Department of Gastroenterological Surgery, Cancer Institute Hospital, Japanese Foundation for Cancer Research, Tokyo, Japan
Department of Gastroenterological Chemotherapy, Cancer Institute Hospital, Japanese Foundation for Cancer Research, Tokyo, Japan.
BMJ Open. 2022 Mar 18;12(3):e055140. doi: 10.1136/bmjopen-2021-055140.
Total mesorectal excision (TME) and postoperative adjuvant chemotherapy following neoadjuvant chemoradiotherapy (CRT) is the standard treatment for locally advanced rectal cancer (LARC). However, neoadjuvant CRT has no recognised impact on reducing distant recurrence, and patients suffer from a long-lasting impairment in quality of life (QOL) associated with TME. Total neoadjuvant therapy (TNT) is an alternative approach that could reduce distant metastases and increase the proportion of patients who could safely undergo non-operative management (NOM). This study is designed to compare two TNT regimens in the context of NOM for selecting a more optimal regimen for patients with LARC.
NOMINATE trial is a prospective, multicentre, randomised phase II selection design study. Patients must have clinical stage II or III (T3-T4Nany) LARC with distal location (≤5 cm from the anal verge or for those who are candidates for abdominoperineal resection or intersphincteric resection). Patients will be randomised to either arm A consisting of CRT (50.4 Gy with capecitabine) followed by consolidation chemotherapy (six cycles of CapeOx), or arm B consisting of induction chemotherapy (three cycles of CapeOx plus bevacizumab) followed by CRT and consolidation chemotherapy (three cycles of CapeOx). In the case of clinical complete response (cCR) or near cCR, patients will progress to NOM. Response assessment involves a combination of digital rectal examination, endoscopy and MRI. The primary endpoint is the proportion of patients achieving pathological CR or cCR≥2 years, defined as the absence of local regrowth within 2 years after the start of NOM among eligible patients. Secondary endpoints include the cCR rate, near cCR rate, rate of NOM, overall survival, distant metastasis-free survival, locoregional failure-free survival, time to disease-related treatment failure, TME-free survival, permanent stoma-free survival, safety of the treatment, completion rate of the treatment and QOL. Allowing for a drop-out rate of 10%, 66 patients (33 per arm) from five institutions will be accrued.

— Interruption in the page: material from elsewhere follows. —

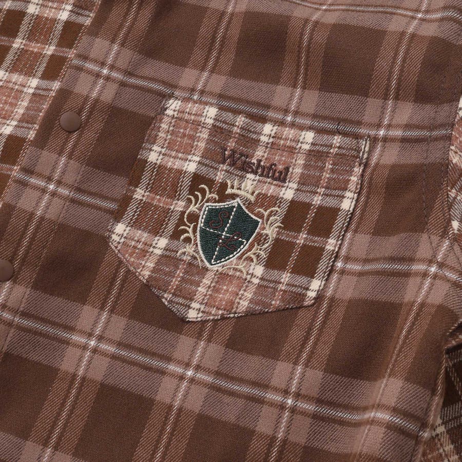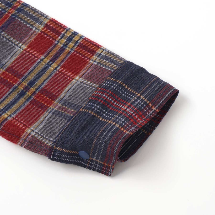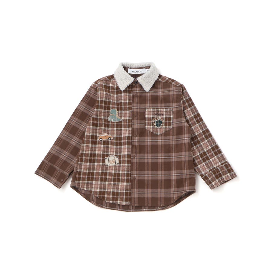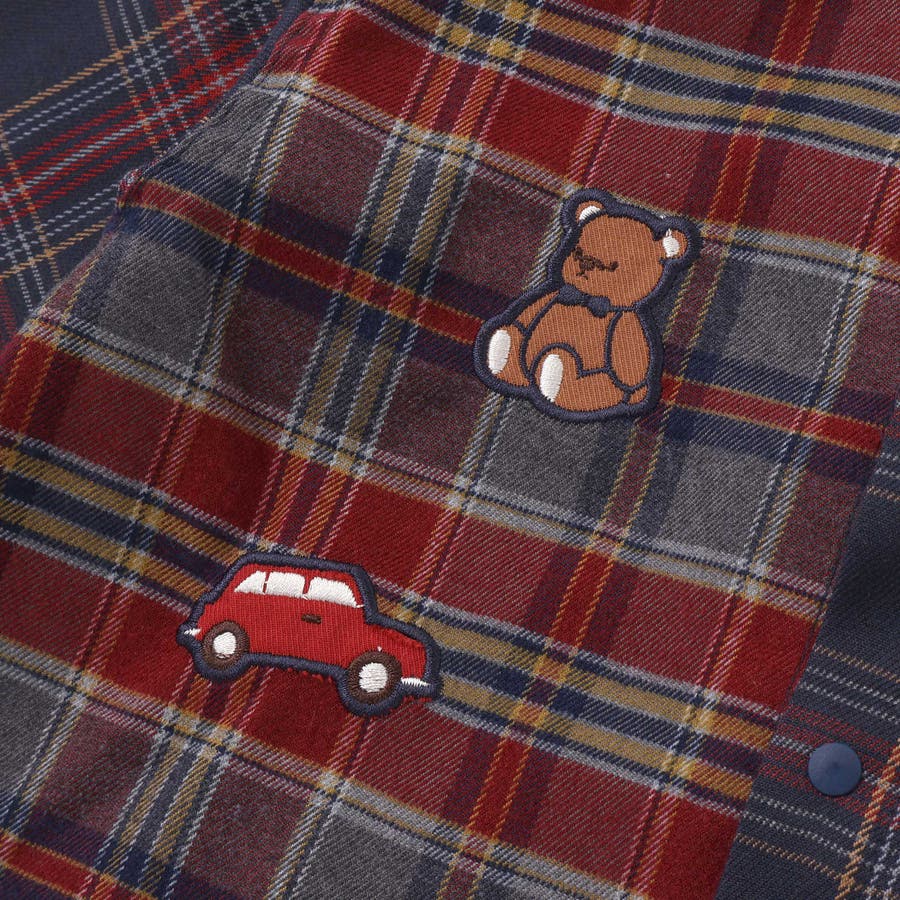 【お揃い】もこもこボア襟切り替えチェックシャツ(90~130cm)

The study protocol was approved by Wakayama Medical University Certified Review Board in December 2020. Trial results will be published in peer-reviewed international journals and on the jRCT website.
jRCTs051200121.
新辅助放化疗(CRT)后全直肠系膜切除术(TME)和术后辅助化疗是局部进展期直肠癌(LARC)的标准治疗方法。然而,新辅助 CRT 对降低远处复发没有公认的影响,而且 TME 导致患者的生活质量(QOL)长期受损。全新辅助治疗(TNT)是一种替代方法,可以减少远处转移,并增加可以安全接受非手术治疗(NOM)的患者比例。本研究旨在比较两种 TNT 方案在 NOM 背景下选择更优的 LARC 患者治疗方案。
NOMINATE 试验是一项前瞻性、多中心、随机二期选择设计研究。患者必须具有临床 II 期或 III 期(T3-T4Nany)低位 LARC(距肛缘≤5cm 或适合腹会阴切除术或间肛切除术的患者)。患者将被随机分配到 A 组,包括 CRT(50.4Gy 卡培他滨)后巩固化疗(6 个周期 CapeOx),或 B 组,包括诱导化疗(3 个周期 CapeOx 加贝伐珠单抗)后 CRT 和巩固化疗(3 个周期 CapeOx)。在临床完全缓解(cCR)或接近 cCR 的情况下,患者将进行 NOM。反应评估包括直肠指检、内窥镜和 MRI 的组合。主要终点是达到病理完全缓解或 cCR≥2 年的患者比例,定义为在 NOM 开始后 2 年内无局部复发的合格患者比例。次要终点包括 cCR 率、接近 cCR 率、NOM 率、总生存率、无远处转移生存率、无局部区域失败生存率、疾病相关治疗失败时间、TME 无复发生存率、永久性造口无生存、治疗安全性、治疗完成率和 QOL。考虑到 10%的脱落率,从五家机构招募 66 名患者(每组 33 名)。
研究方案于 2020 年 12 月获得和歌山医科大学认证审查委员会的批准。试验结果将发表在同行评议的国际期刊和 jRCT 网站上。
jRCTs051200121。